Exercise description: Begin your copy at the line that holds "STURGEON WATERS |" and carry it through the final line of the data, writing out each line exactly and omitting pictures.

Data listing START

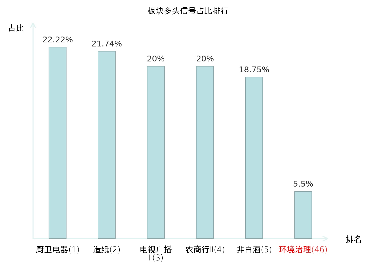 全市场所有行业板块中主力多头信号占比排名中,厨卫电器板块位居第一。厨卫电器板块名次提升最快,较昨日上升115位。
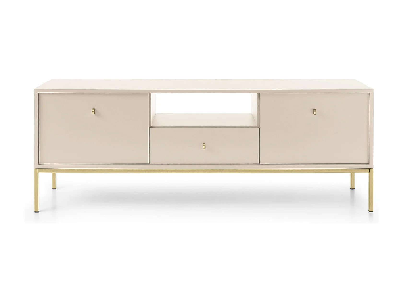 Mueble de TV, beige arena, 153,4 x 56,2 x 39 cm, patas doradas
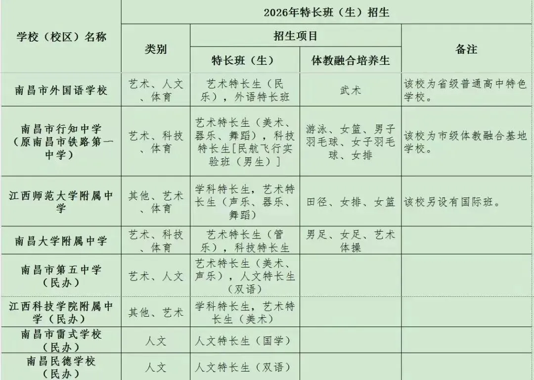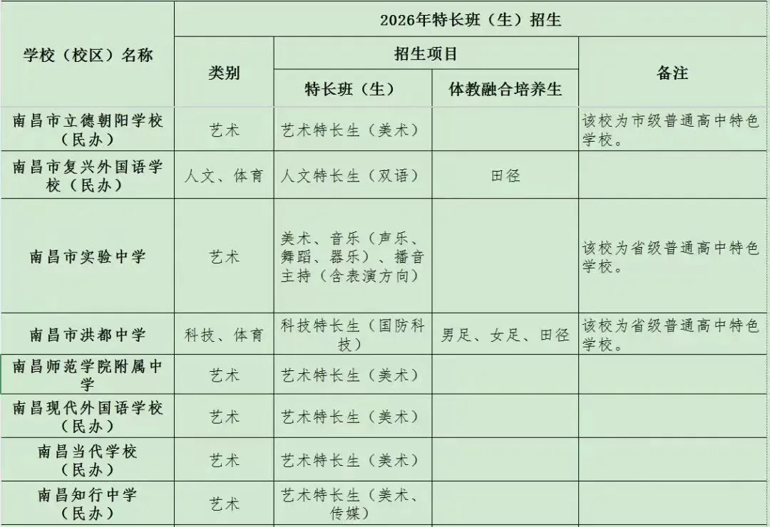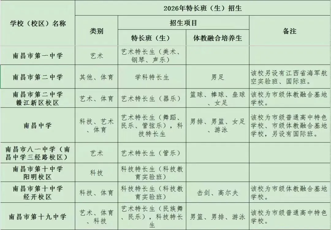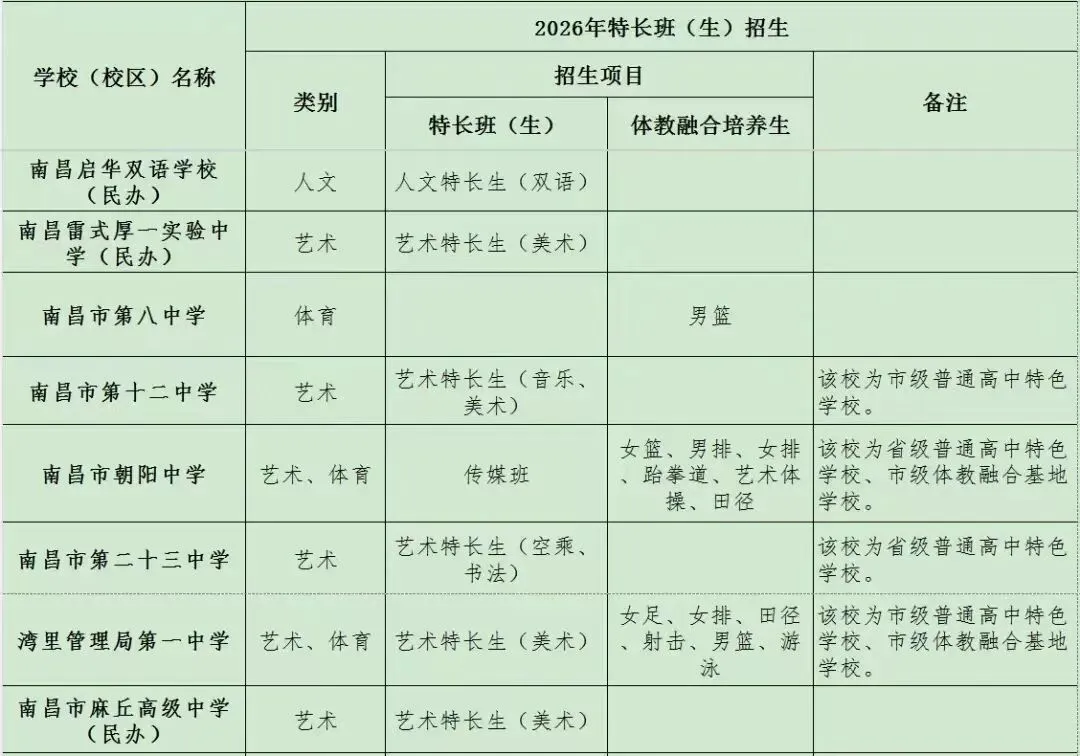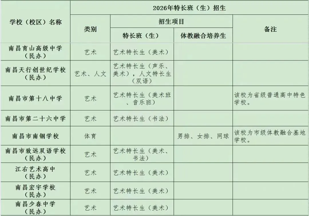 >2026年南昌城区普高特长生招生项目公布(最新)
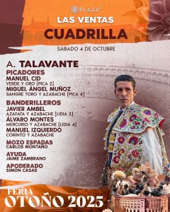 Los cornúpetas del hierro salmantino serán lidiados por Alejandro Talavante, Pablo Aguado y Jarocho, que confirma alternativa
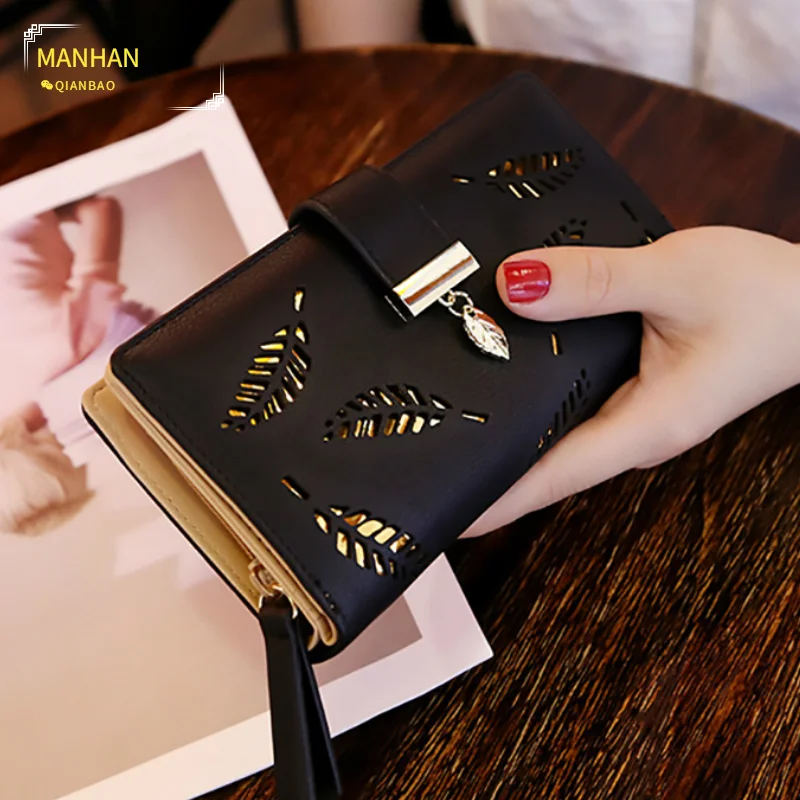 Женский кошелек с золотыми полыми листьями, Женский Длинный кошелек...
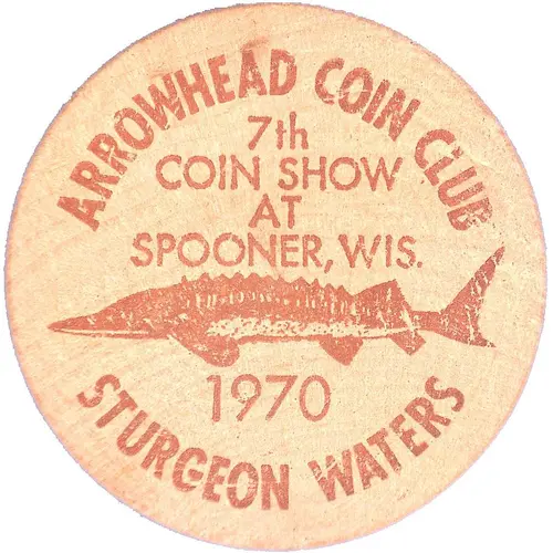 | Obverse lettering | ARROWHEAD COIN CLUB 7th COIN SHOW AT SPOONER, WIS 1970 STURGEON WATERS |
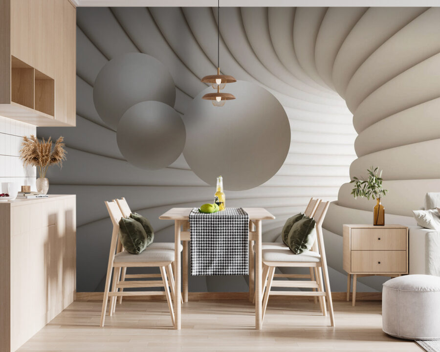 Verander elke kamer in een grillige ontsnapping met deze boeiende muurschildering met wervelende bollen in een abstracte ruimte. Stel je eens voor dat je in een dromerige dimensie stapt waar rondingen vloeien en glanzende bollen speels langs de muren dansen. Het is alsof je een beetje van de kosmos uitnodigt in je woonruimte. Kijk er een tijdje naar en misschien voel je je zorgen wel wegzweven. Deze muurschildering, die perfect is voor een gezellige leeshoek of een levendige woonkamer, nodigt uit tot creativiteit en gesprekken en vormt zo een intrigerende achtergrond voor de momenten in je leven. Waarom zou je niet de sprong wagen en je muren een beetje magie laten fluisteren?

Data listing END

Output of the exercise:
 | Obverse lettering | ARROWHEAD COIN CLUB 7th COIN SHOW AT SPOONER, WIS 1970 STURGEON WATERS |
 Verander elke kamer in een grillige ontsnapping met deze boeiende muurschildering met wervelende bollen in een abstracte ruimte. Stel je eens voor dat je in een dromerige dimensie stapt waar rondingen vloeien en glanzende bollen speels langs de muren dansen. Het is alsof je een beetje van de kosmos uitnodigt in je woonruimte. Kijk er een tijdje naar en misschien voel je je zorgen wel wegzweven. Deze muurschildering, die perfect is voor een gezellige leeshoek of een levendige woonkamer, nodigt uit tot creativiteit en gesprekken en vormt zo een intrigerende achtergrond voor de momenten in je leven. Waarom zou je niet de sprong wagen en je muren een beetje magie laten fluisteren?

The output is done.